▶ [INPUT DATA]
**********

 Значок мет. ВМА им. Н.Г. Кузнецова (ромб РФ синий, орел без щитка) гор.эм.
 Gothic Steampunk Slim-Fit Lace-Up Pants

**********

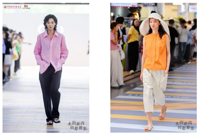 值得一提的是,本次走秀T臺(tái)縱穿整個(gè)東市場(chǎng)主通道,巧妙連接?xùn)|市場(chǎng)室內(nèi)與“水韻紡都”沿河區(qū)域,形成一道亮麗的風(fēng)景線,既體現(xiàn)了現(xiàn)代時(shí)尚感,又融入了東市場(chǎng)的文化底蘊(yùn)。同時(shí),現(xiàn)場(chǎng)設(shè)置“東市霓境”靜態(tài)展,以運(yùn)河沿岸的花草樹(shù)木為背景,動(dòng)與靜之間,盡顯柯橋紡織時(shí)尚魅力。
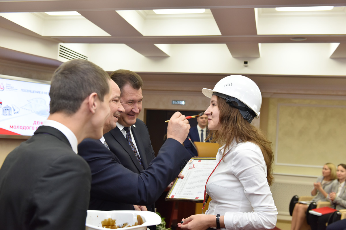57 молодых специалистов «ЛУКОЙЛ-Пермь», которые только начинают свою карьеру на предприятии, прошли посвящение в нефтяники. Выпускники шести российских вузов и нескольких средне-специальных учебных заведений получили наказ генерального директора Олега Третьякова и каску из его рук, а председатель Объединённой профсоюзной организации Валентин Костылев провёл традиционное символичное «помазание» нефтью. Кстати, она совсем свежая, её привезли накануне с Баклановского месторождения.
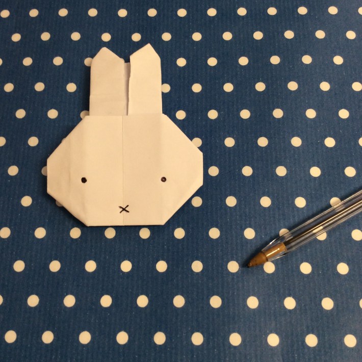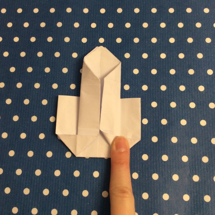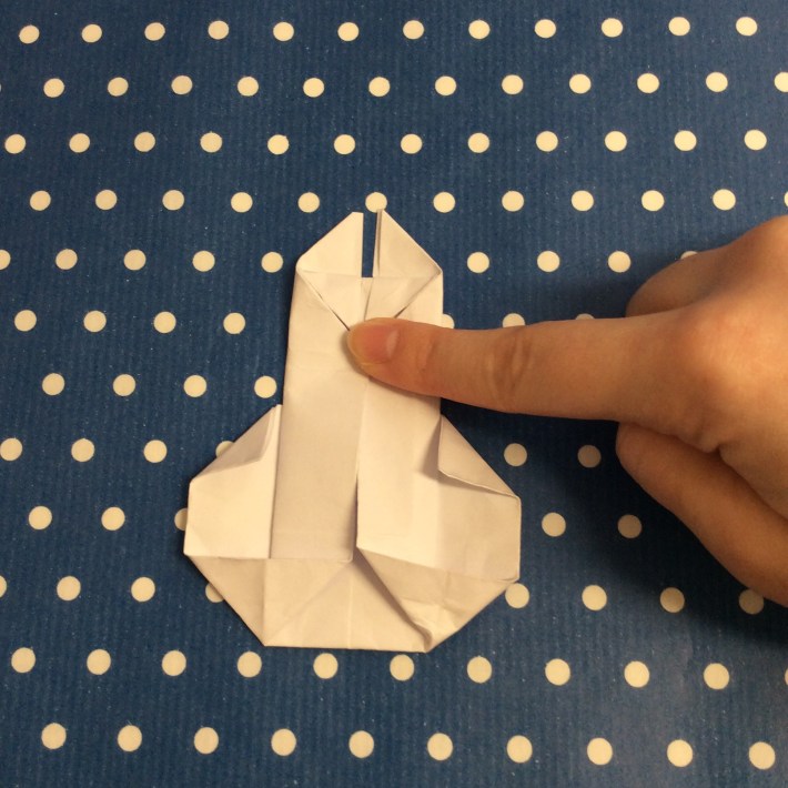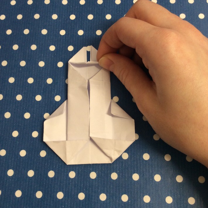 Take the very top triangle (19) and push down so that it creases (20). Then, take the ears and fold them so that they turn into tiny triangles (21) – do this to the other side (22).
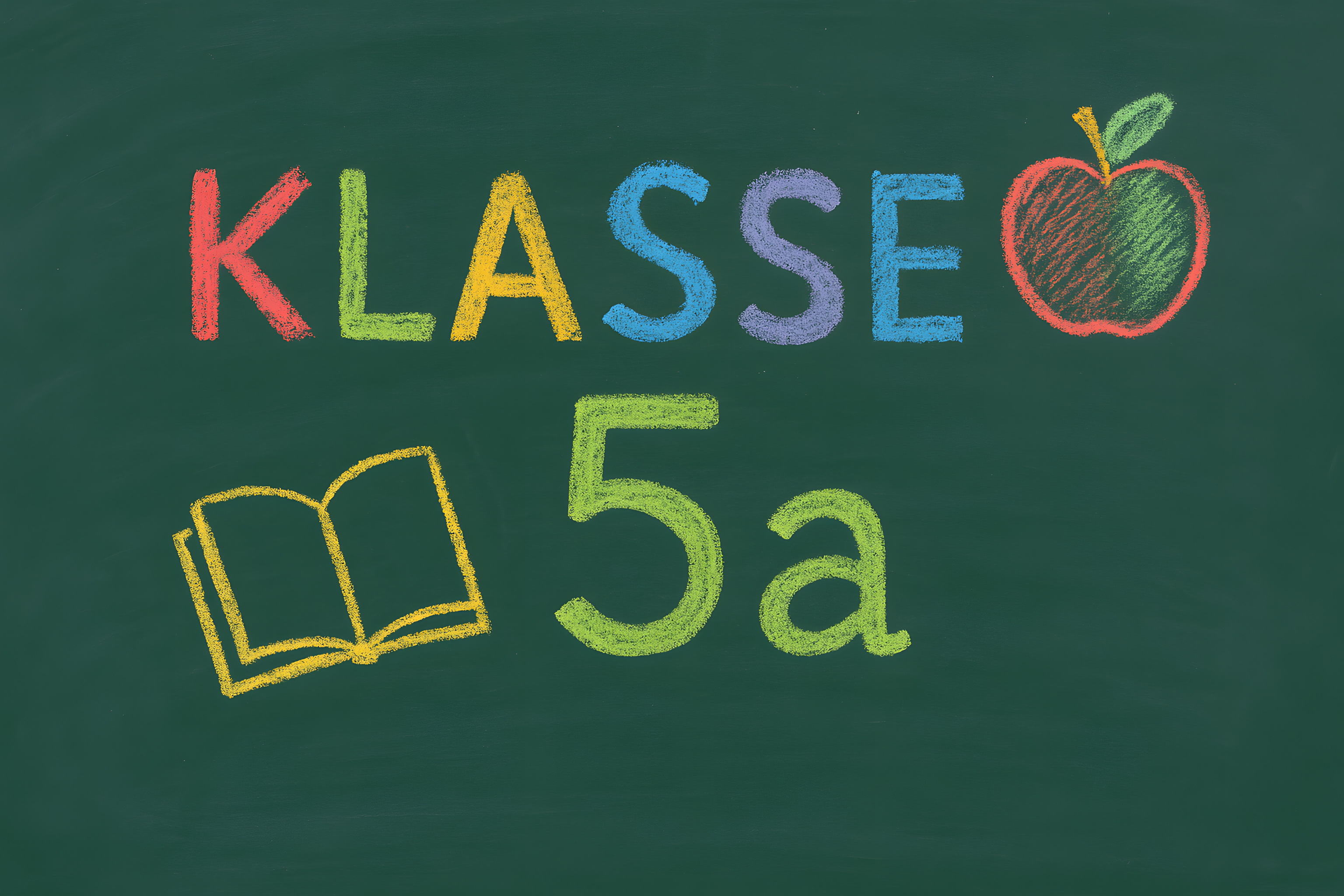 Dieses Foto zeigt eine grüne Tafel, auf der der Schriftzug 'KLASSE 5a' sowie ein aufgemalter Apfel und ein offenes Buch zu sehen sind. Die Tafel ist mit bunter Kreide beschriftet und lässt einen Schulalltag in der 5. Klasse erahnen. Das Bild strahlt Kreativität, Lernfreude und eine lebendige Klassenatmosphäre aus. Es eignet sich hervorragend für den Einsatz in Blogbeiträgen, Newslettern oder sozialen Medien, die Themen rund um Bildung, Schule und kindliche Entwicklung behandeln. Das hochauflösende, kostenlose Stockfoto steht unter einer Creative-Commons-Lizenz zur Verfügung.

**********

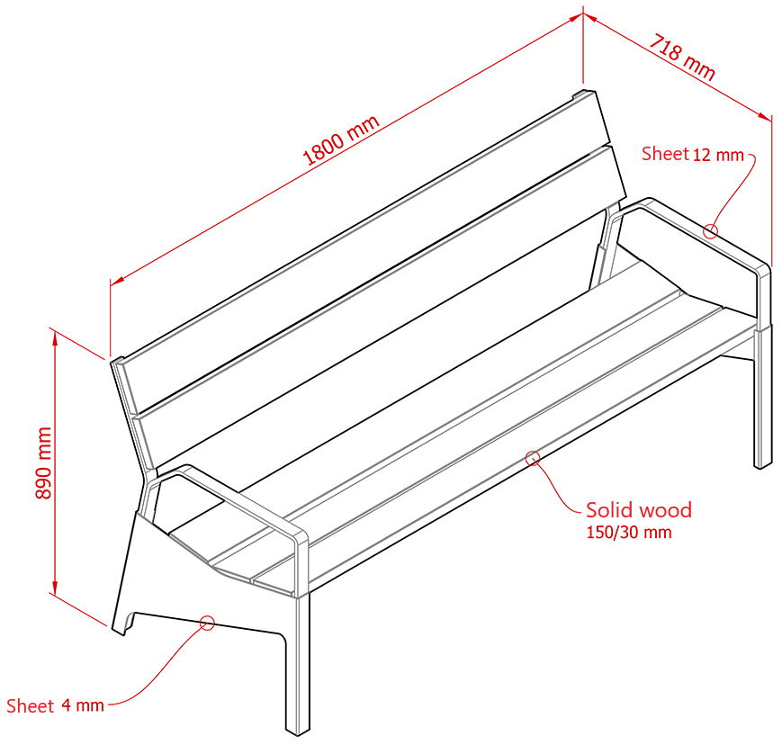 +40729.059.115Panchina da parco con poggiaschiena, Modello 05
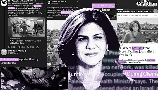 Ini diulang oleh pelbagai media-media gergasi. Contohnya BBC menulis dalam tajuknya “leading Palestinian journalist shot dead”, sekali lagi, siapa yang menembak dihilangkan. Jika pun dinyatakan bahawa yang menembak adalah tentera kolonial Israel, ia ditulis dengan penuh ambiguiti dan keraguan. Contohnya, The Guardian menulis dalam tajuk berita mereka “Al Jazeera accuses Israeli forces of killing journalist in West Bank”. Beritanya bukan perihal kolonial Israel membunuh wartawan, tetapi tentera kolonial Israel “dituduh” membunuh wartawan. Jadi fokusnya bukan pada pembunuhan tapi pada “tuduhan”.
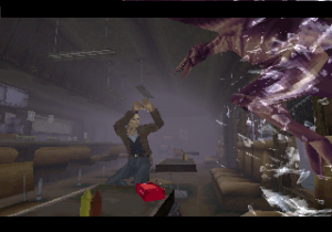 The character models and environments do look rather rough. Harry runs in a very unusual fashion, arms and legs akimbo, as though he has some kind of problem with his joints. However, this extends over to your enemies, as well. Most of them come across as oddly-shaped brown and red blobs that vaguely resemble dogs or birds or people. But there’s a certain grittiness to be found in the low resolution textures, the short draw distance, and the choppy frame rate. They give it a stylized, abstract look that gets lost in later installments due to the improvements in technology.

**********

Your answer must be the exact lines from the records above, from the one containing "poggiaschiena, Modello 05" through the one containing "The character models", both included, with every picture left out.

 +40729.059.115Panchina da parco con poggiaschiena, Modello 05
 Ini diulang oleh pelbagai media-media gergasi. Contohnya BBC menulis dalam tajuknya “leading Palestinian journalist shot dead”, sekali lagi, siapa yang menembak dihilangkan. Jika pun dinyatakan bahawa yang menembak adalah tentera kolonial Israel, ia ditulis dengan penuh ambiguiti dan keraguan. Contohnya, The Guardian menulis dalam tajuk berita mereka “Al Jazeera accuses Israeli forces of killing journalist in West Bank”. Beritanya bukan perihal kolonial Israel membunuh wartawan, tetapi tentera kolonial Israel “dituduh” membunuh wartawan. Jadi fokusnya bukan pada pembunuhan tapi pada “tuduhan”.
 The character models and environments do look rather rough. Harry runs in a very unusual fashion, arms and legs akimbo, as though he has some kind of problem with his joints. However, this extends over to your enemies, as well. Most of them come across as oddly-shaped brown and red blobs that vaguely resemble dogs or birds or people. But there’s a certain grittiness to be found in the low resolution textures, the short draw distance, and the choppy frame rate. They give it a stylized, abstract look that gets lost in later installments due to the improvements in technology.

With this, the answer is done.